++++ Material for this exercise

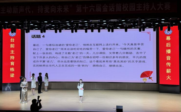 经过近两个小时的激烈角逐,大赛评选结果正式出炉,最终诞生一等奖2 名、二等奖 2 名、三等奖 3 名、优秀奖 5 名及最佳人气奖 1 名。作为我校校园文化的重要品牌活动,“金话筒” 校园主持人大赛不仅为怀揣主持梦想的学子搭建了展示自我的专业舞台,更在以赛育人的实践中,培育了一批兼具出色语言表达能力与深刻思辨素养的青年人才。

++++++++
++++ Material for this exercise

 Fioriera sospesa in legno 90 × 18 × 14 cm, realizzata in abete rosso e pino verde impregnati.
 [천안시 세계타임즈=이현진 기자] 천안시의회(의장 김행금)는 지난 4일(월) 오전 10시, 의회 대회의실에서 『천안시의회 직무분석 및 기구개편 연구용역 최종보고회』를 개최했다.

++++++++

◆ **Problem**
Return, with no change at all, every line in the entries above from the line containing "Fioriera sospesa in" through the line containing "[천안시 세계타임즈=이현진 기자]".

◆ **Finished task**
 Fioriera sospesa in legno 90 × 18 × 14 cm, realizzata in abete rosso e pino verde impregnati.
 [천안시 세계타임즈=이현진 기자] 천안시의회(의장 김행금)는 지난 4일(월) 오전 10시, 의회 대회의실에서 『천안시의회 직무분석 및 기구개편 연구용역 최종보고회』를 개최했다.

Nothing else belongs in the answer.